If n > 0, Readdirnames returns at most n names. In this case, if
Readdirnames returns an empty slice, it will return a non-nil error
explaining why. At the end of a directory, the error is [io.EOF].
If n <= 0, Readdirnames returns all the names from the directory in
a single slice. In this case, if Readdirnames succeeds (reads all
the way to the end of the directory), it returns the slice and a
nil error. If it encounters an error before the end of the
directory, Readdirnames returns the names read until that point and
a non-nil error.
Seek sets the offset for the next Read or Write on file to offset, interpreted
according to whence: 0 means relative to the origin of the file, 1 means
relative to the current offset, and 2 means relative to the end.
It returns the new offset and an error, if any.
The behavior of Seek on a file opened with O_APPEND is not specified.
SetDeadline sets the read and write deadlines for a File.
It is equivalent to calling both SetReadDeadline and SetWriteDeadline.
Only some kinds of files support setting a deadline.
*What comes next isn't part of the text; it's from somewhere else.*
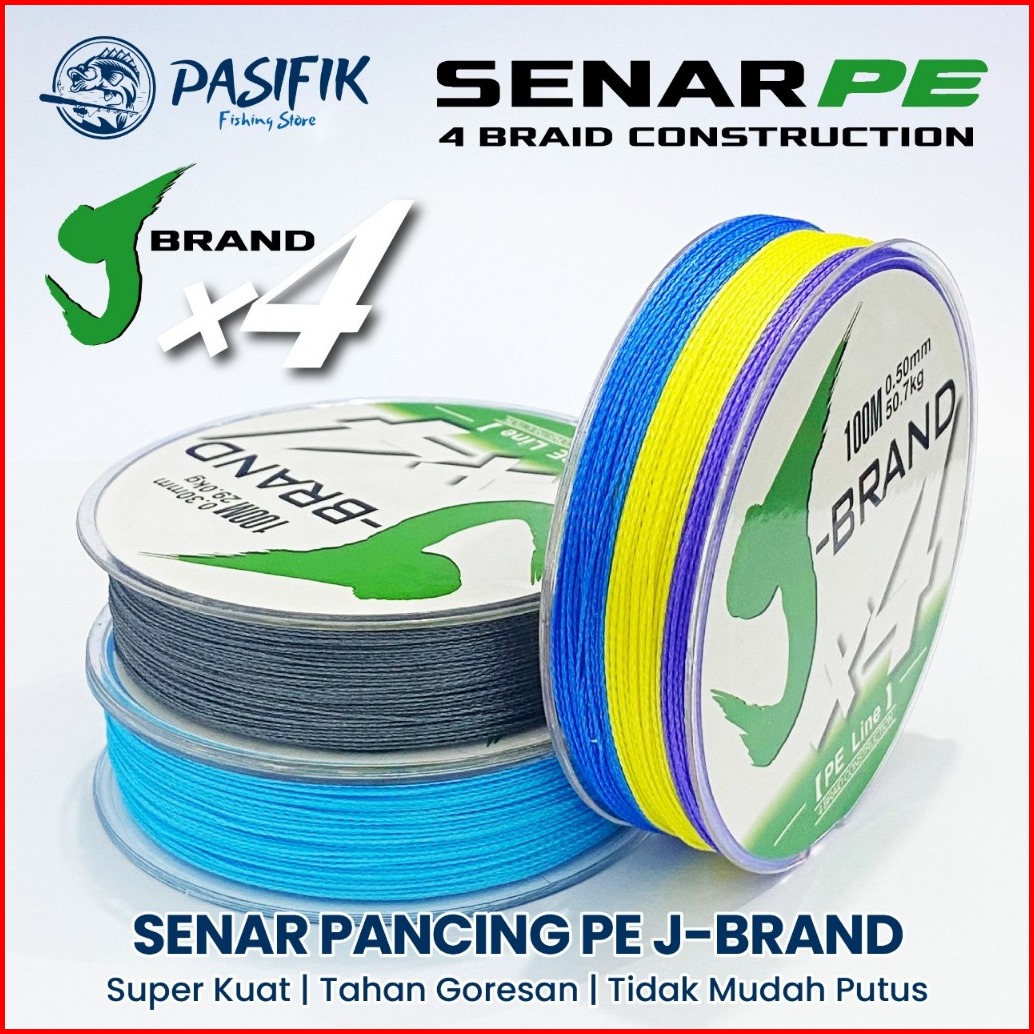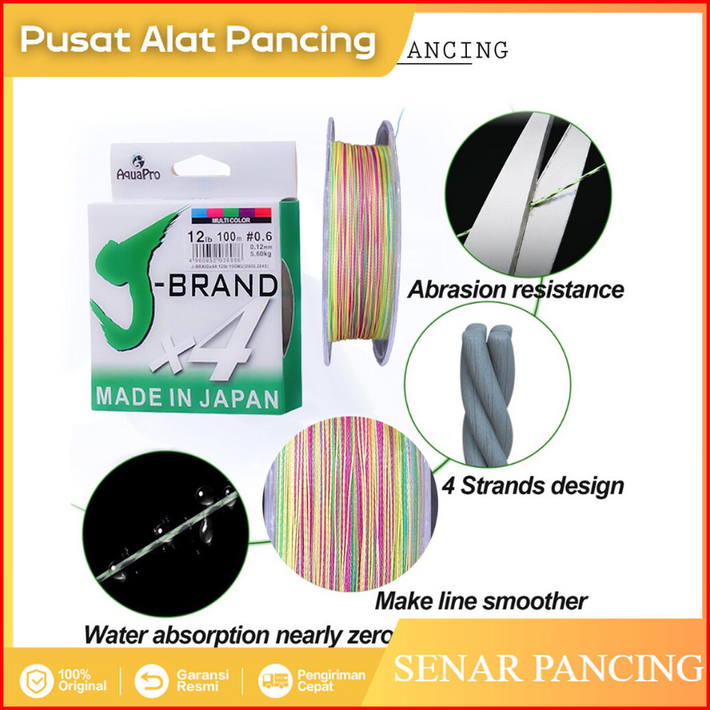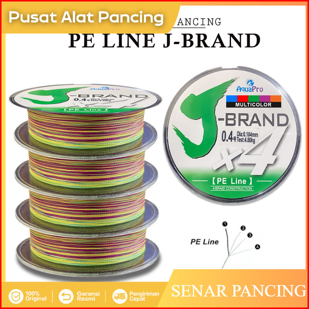 Senar Pancing J-brand X4 100m Pe Multicolor Senar Kepang 4 Helai Untai Senar Pancing Multifilamen Kawat Pancing Ikan

Calls to SetDeadline
for files that do not support deadlines will return ErrNoDeadline.
On most systems ordinary files do not support deadlines, but pipes do.
A deadline is an absolute time after which I/O operations fail with an
error instead of blocking. The deadline applies to all future and pending
I/O, not just the immediately following call to Read or Write.
After a deadline has been exceeded, the connection can be refreshed
by setting a deadline in the future.
If the deadline is exceeded a call to Read or Write or to other I/O
methods will return an error that wraps ErrDeadlineExceeded.
This can be tested using errors.Is(err, os.ErrDeadlineExceeded).
That error implements the Timeout method, and calling the Timeout
method will return true, but there are other possible errors for which
the Timeout will return true even if the deadline has not been exceeded.
An idle timeout can be implemented by repeatedly extending
the deadline after successful Read or Write calls.
A zero value for t means I/O operations will not time out.
SetReadDeadline sets the deadline for future Read calls and any
currently-blocked Read call.
A zero value for t means Read will not time out.
Not all files support setting deadlines; see SetDeadline.
SetWriteDeadline sets the deadline for any future Write calls and any
currently-blocked Write call.
Even if Write times out, it may return n > 0, indicating that
some of the data was successfully written.
A zero value for t means Write will not time out.
Not all files support setting deadlines; see SetDeadline.
Stat returns the [FileInfo] structure describing file.
If there is an error, it will be of type [*PathError].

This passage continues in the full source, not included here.